TRY IT: Retype all of the data word for word, without pictures.

Start of DATA BLOCK

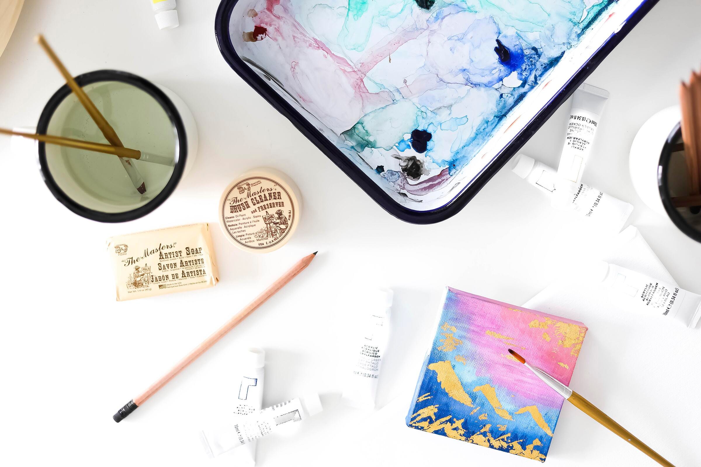 Description The Masters Brush Cleaner and Preserver restores the original snap and luster of hardened sable, bristle and synthetic brushes. Non-Toxic one step cleaner comes in a 2.5 oz container and is ideal for use with water on oils, acrylics and watercolors.
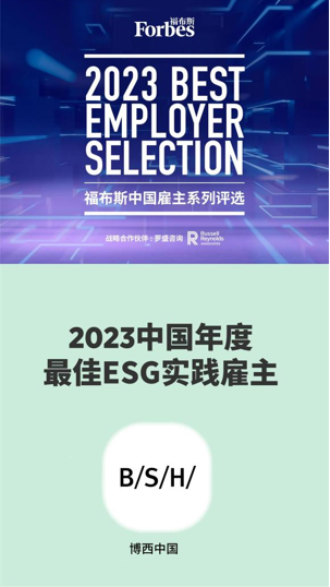 此次福布斯“2023中国年度最佳ESG实践雇主”的殊荣是对博西中国在ESG、创新、雇主品牌等不同领域突出实践成果的综合肯定,同样也激励着整个博西家电继续深化可持续发展,并更加有效地激发员工的认同感和使命感。
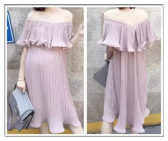 韩版一字肩雪纺孕妇连衣裙,宽松的板型,显瘦遮肉,性感的露肩的设计,百褶元素极具时尚感,粉嫩的浅紫色,将肤色衬托得更加白皙透亮,雪纺的面料,凉爽亲肤。
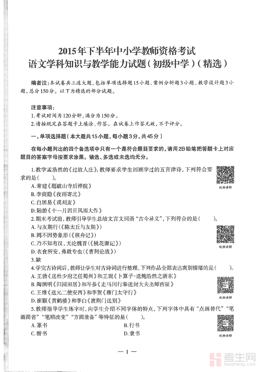 《2015年下半年教师资格证考试《初中语文》真题》是2015年下半年由教育部相关部门组织命题的初中语文学科教师资格准入考试的官方真题资料,属于全国统一开展的教师资格考试体系中的重要组成部分,能够精准反映该年度初中语文学科教师资格考试的命题逻辑、考查重点与能力要求,为备考者提供高度贴合实际考试情境的有效参考依据。

End of DATA BLOCK

ANSWER BOX:
 Description The Masters Brush Cleaner and Preserver restores the original snap and luster of hardened sable, bristle and synthetic brushes. Non-Toxic one step cleaner comes in a 2.5 oz container and is ideal for use with water on oils, acrylics and watercolors.
 此次福布斯“2023中国年度最佳ESG实践雇主”的殊荣是对博西中国在ESG、创新、雇主品牌等不同领域突出实践成果的综合肯定,同样也激励着整个博西家电继续深化可持续发展,并更加有效地激发员工的认同感和使命感。
 韩版一字肩雪纺孕妇连衣裙,宽松的板型,显瘦遮肉,性感的露肩的设计,百褶元素极具时尚感,粉嫩的浅紫色,将肤色衬托得更加白皙透亮,雪纺的面料,凉爽亲肤。
 《2015年下半年教师资格证考试《初中语文》真题》是2015年下半年由教育部相关部门组织命题的初中语文学科教师资格准入考试的官方真题资料,属于全国统一开展的教师资格考试体系中的重要组成部分,能够精准反映该年度初中语文学科教师资格考试的命题逻辑、考查重点与能力要求,为备考者提供高度贴合实际考试情境的有效参考依据。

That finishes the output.